Divitiac tinha voltado de uma viagem à cidade Eterna,
deslumbrado pela glória política e pelo esplendor monumental de Roma. Ele sonha
com uma aliança que julga necessária para completar o poderio da Gália e
assegurar sua função no mundo.
Macarven lembra ao seu interlocutor a corrupção, o cepticismo
dos romanos, sua rapacidade, sua sede de dominação e, sobretudo, a astúcia e os
ardis com os quais eles estão acostumados. Confiante na religião e na prática
que ama, ele deposita toda a sua esperança numa Gália independente. Disse ele
a Divitiac:
“Minha fé é mais clarividente do que a tua.

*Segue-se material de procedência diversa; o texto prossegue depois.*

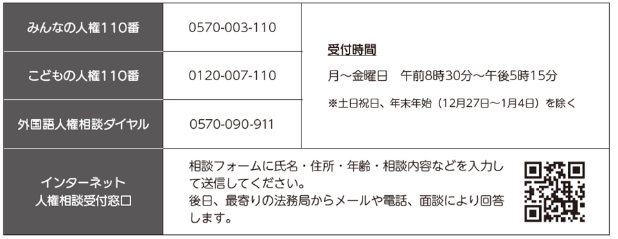 人権問題や差別、いやがらせなどの悩みごとを抱えている人は、一人で悩まずご相談ください。相談は無料で秘密は固く守られます。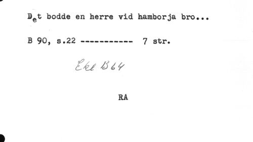 //// Dgt bodde en herre vid hamborja bro... //// B 90, s.22--- 7 str. //// RA ////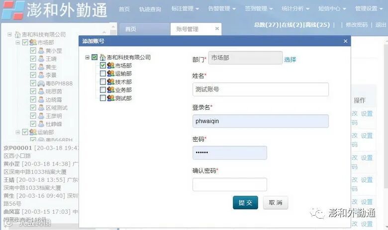 以下图为例,账号例表中,选择登录账号为phwaiqin,左边的部门例表中,勾选了“市场部”、“业务部”这两个部门,意思就是用账号phwaiqin登录后,只能查看这两个部门的人员和车辆的数据信息。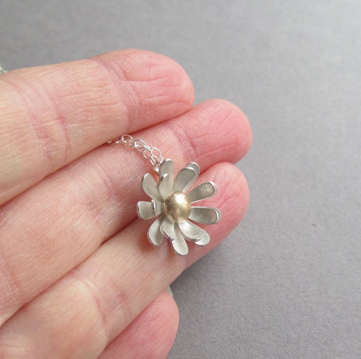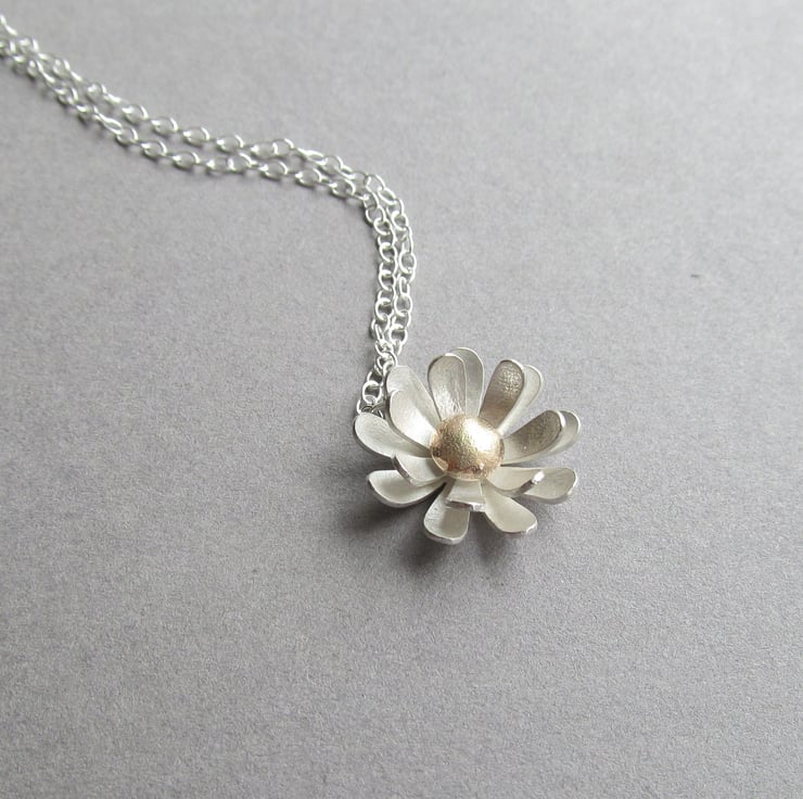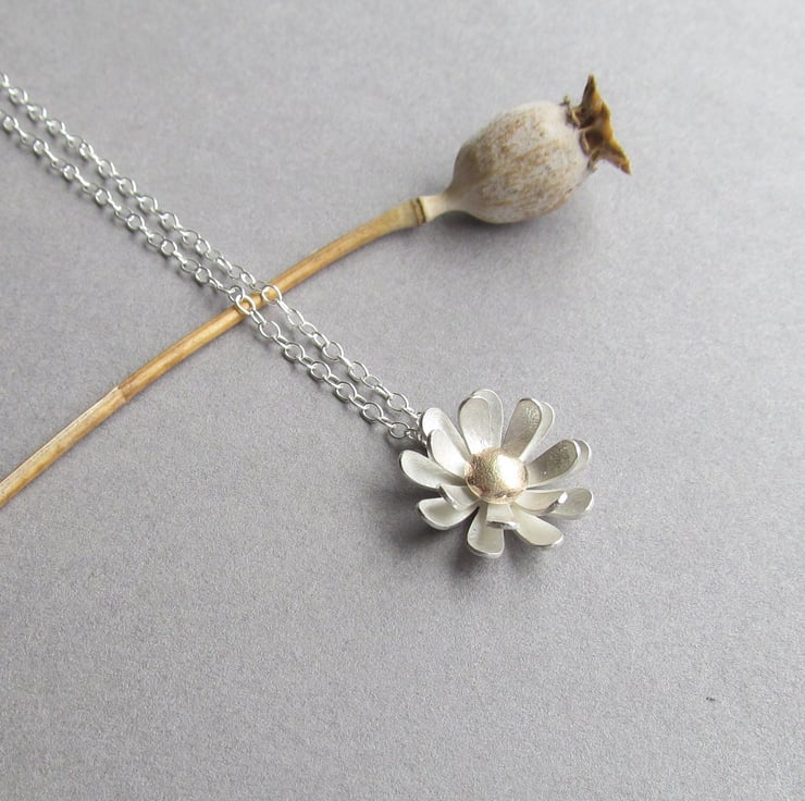 This little Sterling silver and 9ct gold pendant is part of the 'Daisy at Dusk' collection and entirely made by hand.

Para vencer
completamente, seria melhor que ela extinguisse as armas manuais, em nome de
sua superioridade! O triunfo passageiro da matéria sobre o espírito não pode
anular a vida do espírito; ela a consagra ainda mais e a faz ressuscitar
eternamente acima da vitória momentânea do inimigo. Ao contrário, aceitando,
mesmo por astúcia, o conquistador que a domina, ela se humilha pouco a pouco,
ela se entrega. A derrota nobre valeria mais pela sua resistência legítima do
que a vitória brutal do número e da força, unicamente. Eu somente confio na
estrada perpétua, obstinada da consciência. Porque ela é direita, superior,
decisiva entre todos os outros meandros, ela segue mais adiante. Deixá-la,
abdicá-la e se perder, talvez morrer, e da morte da qual não se levanta. Essa
morte engole tudo, é tão pesada que arrasta a alma esmagada sob o peso de sua
nulidade.” (P. 163)
Prosseguindo sua viagem, Vercingétorix vai consultar as druidisas
da Ilha de Sein.
“Tu vieste – lhe dizem elas – nos interrogar sobre o enigma
dos mundos. Nós e nossos sacerdotes te respondemos. Tu chegaste, como nós, ao
conhecimento da migração das almas e das leis da vida universal. Agora uma
outra tarefa te será imposta; é preciso, doravante, pensar em Roma. Se tudo que
viste do império gaulês te tem feito amá-lo, se tu estás ligado à nossa
religião, forte e doce, natural e divina, onde o mal inevitável da vida se
esclarece e se resgata pelo sacrifício, depois atinge ao sublime verdadeiro
pelo culto equilibrado do espírito; se tu te dás conta de que na cidade fria,
sobre a qual vigia o Capitólio, apesar da doçura do clima e da beleza dos
montes Apeninos, vencido, tu regressarás para morrer no ar salubre da Gergovie,
a lição viva do Puy majestoso, a profundeza calmante de suas florestas, então
prepara-te desde agora! Prepara-te para salvar teu país e sua religião, única
no mundo, tua nação de águas claras, de corações disputadores, mas bons e
quentes. Crê em mim, crê em minhas irmãs, crê em nossos sacerdotes; esta
virtude particular ao nosso solo, onde a raça céltica atinge sua mais justa
expansão, não existe em outra parte.”
Mais tarde, a grande druidisa conduz o chefe arverne sobre o
promontório que domina o mar de terror, em frente da ilha sagrada. Nesse
tumulto de vagas, que imprime às suas palavras uma espécie de solenidade fatídica,
ela lhe lançou estes dizeres em tom imperioso:
“Eleito por todos, tu serás rei e tu nos pertences. Sob este
gládio cintilante, acima do abismo, símbolo da vontade, além de todas as
agitações humanas, jura dedicar todos os minutos da vida, tua vida, tua morte,
tudo o que compõe teu corpo perecível, como também tudo o que prepara tua alma
imortal ao cumprimento da libertação.
Tu estás, aqui, no fim do mundo. Se teu juramento é sincero,
os deuses que velam em torno de nós e nas ilhas, nos confins do santuário de
todos os santuários, te atenderão!”**
E no vento e na tempestade, sob o ruído das ondas barulhentas,
sob o gládio ensanguentado, Vercingétorix jurou!
/…
* Editor Albin Michel, rua Huyghens, 22, Paris.
** Ver L’Initiation
de Vercingétorix, André Lebey, pp. 191, 201, 205.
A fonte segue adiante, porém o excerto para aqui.